Exercise requirements :: An exact reproduction of the data below is expected, free of images.

Information supplied ::
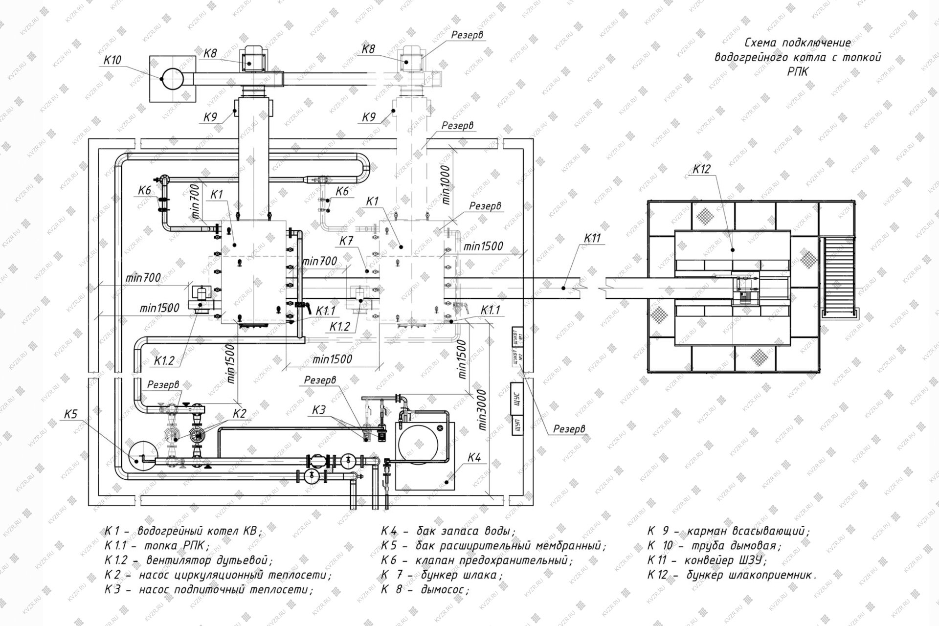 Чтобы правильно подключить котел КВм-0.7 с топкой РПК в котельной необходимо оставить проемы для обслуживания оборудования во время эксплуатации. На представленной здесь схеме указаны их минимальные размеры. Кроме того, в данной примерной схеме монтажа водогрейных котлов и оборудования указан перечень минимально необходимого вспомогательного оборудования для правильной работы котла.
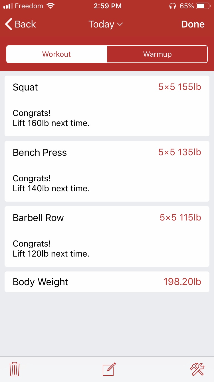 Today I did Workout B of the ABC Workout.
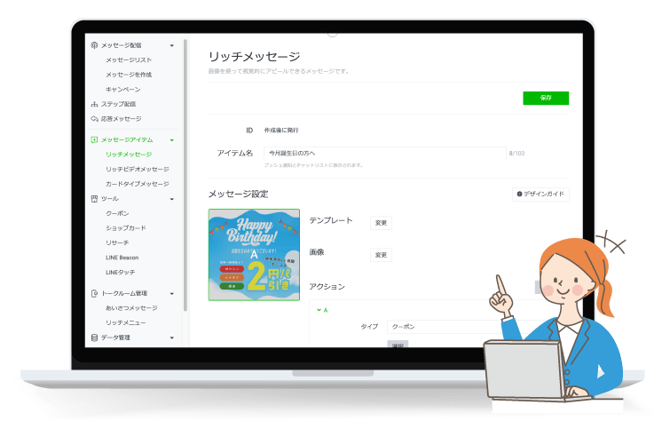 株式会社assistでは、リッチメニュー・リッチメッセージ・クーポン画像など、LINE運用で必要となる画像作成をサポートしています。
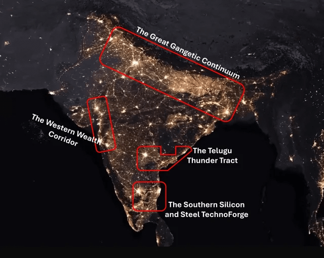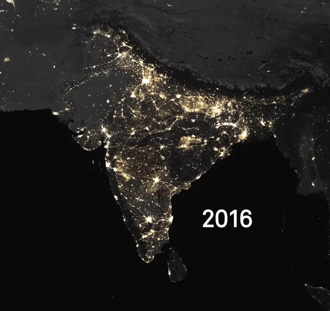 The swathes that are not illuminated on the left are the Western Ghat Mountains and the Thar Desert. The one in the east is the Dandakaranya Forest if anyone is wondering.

Response ::
 Чтобы правильно подключить котел КВм-0.7 с топкой РПК в котельной необходимо оставить проемы для обслуживания оборудования во время эксплуатации. На представленной здесь схеме указаны их минимальные размеры. Кроме того, в данной примерной схеме монтажа водогрейных котлов и оборудования указан перечень минимально необходимого вспомогательного оборудования для правильной работы котла.
 Today I did Workout B of the ABC Workout.
 株式会社assistでは、リッチメニュー・リッチメッセージ・クーポン画像など、LINE運用で必要となる画像作成をサポートしています。
 The swathes that are not illuminated on the left are the Western Ghat Mountains and the Thar Desert. The one in the east is the Dandakaranya Forest if anyone is wondering.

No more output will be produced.